Cell culture is the extraction of cells from a living organism and growing it in an artificial environment similar to that of a natural environment. It is an essential lab procedure in a majority of experiments in a molecular biology lab.
The necessity of culturing cell arose due to the need for testing the biochemical conditions and constituents of an animal body which enables us to understand the molecular basis of the different systems and pathways that runs the body.
It is a necessary element of understanding disease pathology. Now, this requires a definite amount of good quality cells isolated from a desired human tissue or animal tissue which can be grown and cultured in vitro, with the help of lab equipment. Today, we are going to learn more about this cell culturing and its role in experiments.
Growing Cells in a Lab – What does it mean? (cell culture techniques)
Although, cell culturing started with the aim of understanding cell function and condition in the body, yet it developed into an essential feature in drug development and testing. So, any kind of therapeutic agents and drugs is first tested and developed using cell culture techniques.
For this, we use a vast number of cells that are cultured and maintained for generations to use it in the future. So cell culture isn’t just isolating and deriving cells alone, it includes culturing those cells in a viable medium which allows subsequent subculturing from time to time for generations and lastly preservation of these cultured cells.
Primarily, cancer cells and stem cells are used for culturing cells. Stem cells are the most utilized cell culture for understanding different cell conditions and functions, whereas cancer cells are ideal for drug development and treatment strategies.

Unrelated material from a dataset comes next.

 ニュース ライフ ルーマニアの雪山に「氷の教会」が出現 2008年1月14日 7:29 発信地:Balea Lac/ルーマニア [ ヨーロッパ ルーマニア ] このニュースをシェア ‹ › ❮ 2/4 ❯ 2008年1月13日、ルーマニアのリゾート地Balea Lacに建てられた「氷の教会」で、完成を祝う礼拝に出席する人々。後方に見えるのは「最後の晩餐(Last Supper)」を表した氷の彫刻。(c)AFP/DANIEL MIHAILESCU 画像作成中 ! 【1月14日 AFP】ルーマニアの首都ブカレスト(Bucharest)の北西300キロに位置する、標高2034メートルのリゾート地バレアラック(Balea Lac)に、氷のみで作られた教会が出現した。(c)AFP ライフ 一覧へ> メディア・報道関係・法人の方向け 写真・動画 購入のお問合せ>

A particular type of cells cultured to give rise to more numbers of that particular cell type is known as cell lines, and it is this cell lines, that is, cells of that particular type which is further cultured and preserved in the next batch of culturing.
The Procedure of Growing Cells
Isolating Cells: The process of growing cells starts with the isolation of a particular cell type from the desired tissue. For cancer cell lines, we take the desired tissue from cancer patients while for other cells, foetal tissue, or neonatal tissue is the ideal source.

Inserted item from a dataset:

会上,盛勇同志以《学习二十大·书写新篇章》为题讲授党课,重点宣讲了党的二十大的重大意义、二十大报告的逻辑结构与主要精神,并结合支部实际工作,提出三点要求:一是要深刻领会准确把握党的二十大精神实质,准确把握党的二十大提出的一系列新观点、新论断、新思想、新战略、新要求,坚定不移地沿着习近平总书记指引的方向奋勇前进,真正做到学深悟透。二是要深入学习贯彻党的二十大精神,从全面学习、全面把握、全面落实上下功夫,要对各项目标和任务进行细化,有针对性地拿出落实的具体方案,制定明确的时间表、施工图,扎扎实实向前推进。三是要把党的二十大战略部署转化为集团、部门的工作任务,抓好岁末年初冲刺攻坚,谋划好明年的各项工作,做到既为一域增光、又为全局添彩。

The cells remain embedded in a matrix of cohesively arranged cells which need to be broken from each other with the help of proteolytic enzymes such as trypsin, collagenase, etc. along with a chelating agent like EDTA.

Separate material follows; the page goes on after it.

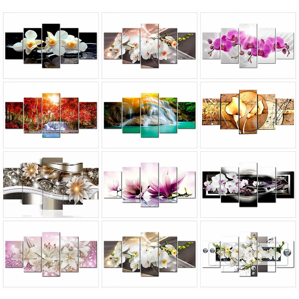 Huacan алмазов картина 5 шт./компл. цветы полная квадратная Алмазная Вышивка Мульти-рисунок «сделай сам» для дома украшения

Cell agitation tears apart the tissue and we get a suspension of cells which is further isolated into individual cells through various techniques such as enzymatic treatment, antibody labeling, fluorescence cells sorter, and dye labeling.
Culturing the Isolated Cells
Culturing these cells in lab equipment such as cell culture plates and cell culture flasks is the actual step from which the cell culture procedure begins.
There are 2 ways of culturing cells in the laboratory for in vitro experiments. The first is a liquid medium culture called suspension culture done in cell culture flasks, and the second is a semi-solid medium of culturing done in cell culture plates.
The first instance of cell culturing started with a suspension culture of frog nerve cells in a simple salt solution done by Ross Harrison in Yale University back in 1907.
The technique has evolved over the years, and now, molecular biologists can use culture cells in more accurate conditions with a range of supplements such as blood, nutrients proteins, lipids, growth factors, hormones, enzymes, etc. which is added to the already nutrient-rich culture media. These cell-cultured flasks and plates need proper temperature and gases like oxygen and carbon dioxide to grow for which they are kept in an incubator.
After the proper incubation period of 24-48 hours of inadequate temperature, the cells multiply to form the next generations.
Preserving the Cell Culture
This new cultured cell, which has a good proportion of cells, can be directly used for experiments or they can be preserved for future use.
For long term cell culturing, preservation at a low temperature called cryopreservation is essential. For preservation, the cells are further treated with protective agents such as glycerol and DMSO and stored at –130°C.
Now any time in the near future, one can prepare a subculture from these preserved cells using the same process as mentioned above.
This is how the simple technique of cell culture works, enabling researchers to grow cells in the lab for laboratory use in their experiments.